Second, I have written about the interpretation of borderline P values in an essay published in September 2019. Here are two excerpts from the paper:

"Statistical methods were applied to clinical trials to allow us to quantify uncertainty; they were not developed as a decision tool... . So the next time you hear investigators report definitive conclusions based on a P value being greater or less than some prespecified threshold, it might be time to remember the advice recently issued by 800 statisticians who begged clinical investigators to abandon P values for decision-making."

My main take-home point: P values depict probabilities of a false positive result. A P value less than or greater than 0.05 is not intended as a decision point for determining if a particular finding is "real" or "not real".

So anyone who labels the between-group differences with respect to mortality and serious respiratory failure events seen in the ACTT-1 trial as being "not significant" does not understand the meaning of a P value. Such a characterization assumes that a P value of 0.06 has the same meaning as a P value of 0.99 -- when in fact, these two P values depict two very different sets of conditions with widely different implications.
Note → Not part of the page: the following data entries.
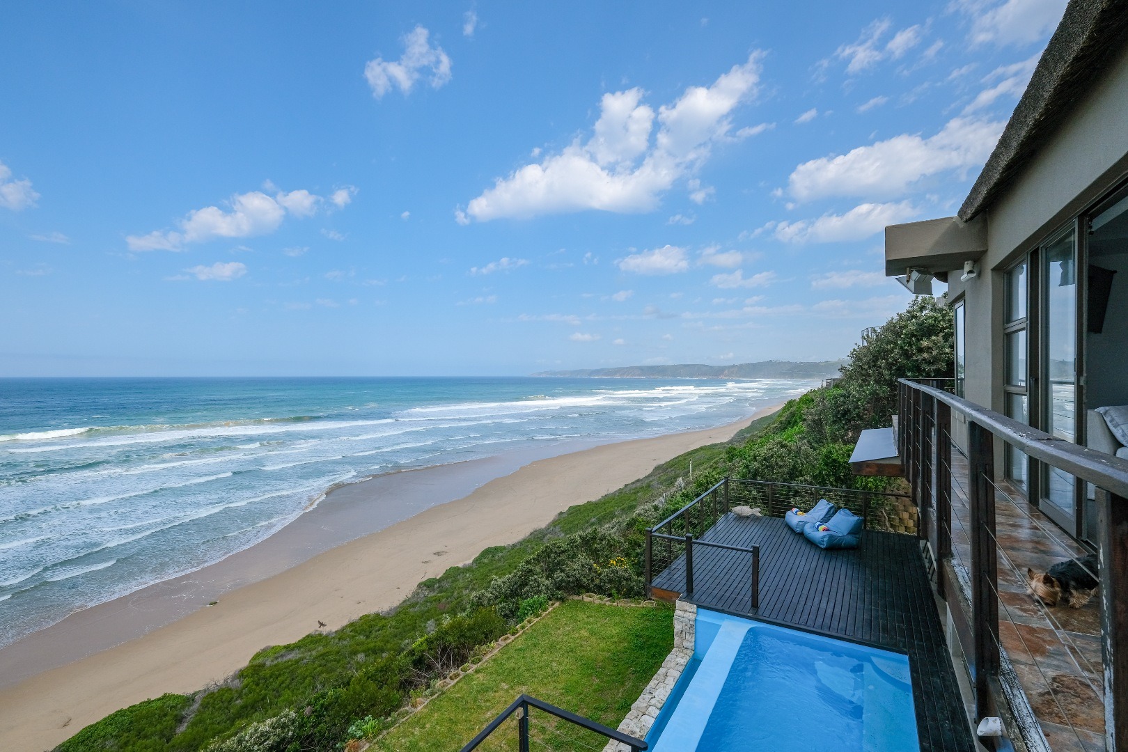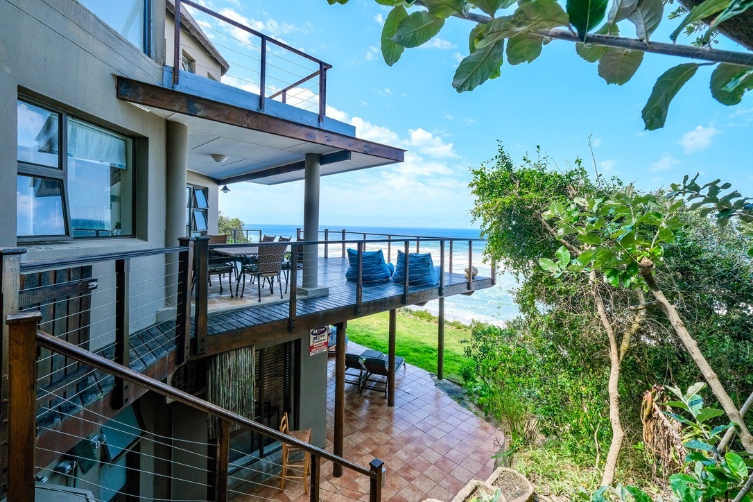 The outdoor spaces are a true highlight, designed to maximize enjoyment of the coastal environment. A private wooden deck, complete with a refreshing plunge pool and comfortable outdoor seating, offers an exclusive vantage point for soaking in the panoramic ocean views and enjoying direct access to the beautiful sandy beach below. This pet-friendly property also features a built-in braai, perfect for alfresco dining and entertaining, surrounded by a well-maintained garden. With a double garage providing secure parking, this home caters to a lifestyle of leisure and convenience.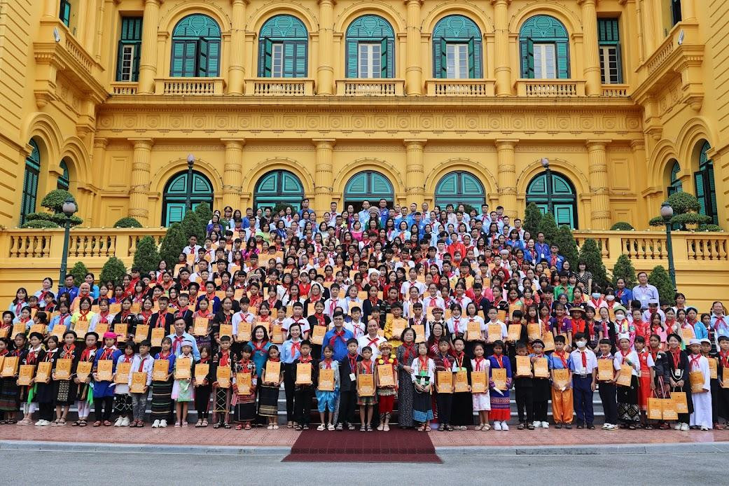 Biểu dương thành tích đã đạt được, Chủ tịch nước mong muốn các cháu thiếu nhi tiếp nối truyền thống vẻ vang của thiếu niên, nhi đồng Việt Nam, ra sức học tập thật tốt, đọc thêm nhiều kiến thức trong sách vở, hiểu thêm kiến thức xã hội.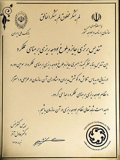 تندیس برنزی جایزه بلوغ بودجه ریزی بر مبنای عملکرد به بانک ملی ایران رسید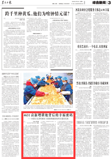 2025年2月24日,《農(nóng)民日報》第3版刊發(fā)題為《4631畝新增耕地背后的幸福密碼——內(nèi)蒙古扎賚特旗好力保鎮(zhèn)增減掛鉤項目建設(shè)見聞》的文章,報道了內(nèi)蒙古興安盟扎賚特旗好力保鎮(zhèn)以土地整治為突破口,創(chuàng)新實施“五型安置”模式,讓水田村、先鋒村等4個行政村16個自然屯的898戶村民實現(xiàn)從“憂居”到“優(yōu)居”的跨越,村民過上了“出門種地,回家住樓”的新生活。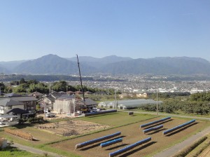 今日は良い天気でした。朝は肌寒く今秋初めて長袖を着ましたが、昼間は埃っぽい道路ではエアコンを入れました。下久堅は竜東なので、丘の上からするとまるで田舎のイメージはあるかもしれませんが、家も多く、天竜川に近い県道沿いばかりでなく、少し上の段にも人家は多いのです。ここは、小学校や支所、診療所、JAなどが集まる中心地で、大三国花火で有名なお祭りは賑やかで盛大なものです。H邸は玄関と西側に下屋があり、建て方作業は夕方までかかりましたが無事終了できました。日が短くなりました。

During the past several months, the FDA granted emergency authorization use for CQ, HCQ and remdesivir for use in patients with COVID-19. Its actions with respect to CQ and HCQ were not based on evidence but were related to political pressures.

In contrast, its actions with respect to remdesivir were based on knowledge of the results of ACTT-1 and were evidence-based.
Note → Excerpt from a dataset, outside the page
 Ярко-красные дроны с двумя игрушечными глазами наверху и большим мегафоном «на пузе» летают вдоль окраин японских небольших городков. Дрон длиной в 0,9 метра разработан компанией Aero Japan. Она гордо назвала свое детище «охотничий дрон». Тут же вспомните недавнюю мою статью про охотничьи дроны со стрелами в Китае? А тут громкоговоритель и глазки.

Given these new results, anyone who is still advocating for CQ and HCQ while denigrating the evidence for remdesivir is following a conscious or subconscious political agenda that is not informed by evidence. Politics is certainly capable of distorting one's ability to think clearly and make useful judgments. And everyone is entitled to their opinions, regardless of their validity. As then-Secretary of State John Kerry once said, in America, "you have a right to be stupid if you want to be." This description presumably also applies to Brazil.

Last week, we learned a great deal about chloroquine, hydroxychloroquine and remdesivir for the treatment of COVID-19. Ignore the new evidence at your own peril.

Disclosures

Packer has recently consulted for Amarin, AstraZeneca, Boehringer Ingelheim, Novartis, and Relypsa on issues unrelated to COVID-19. Novartis is one of several companies that manufactures hydroxychloroquine, and is conducting clinical trials with the drug for COVID-19. Packer has no financial relationship with Gilead Sciences, which is developing remdesivir for COVID-19.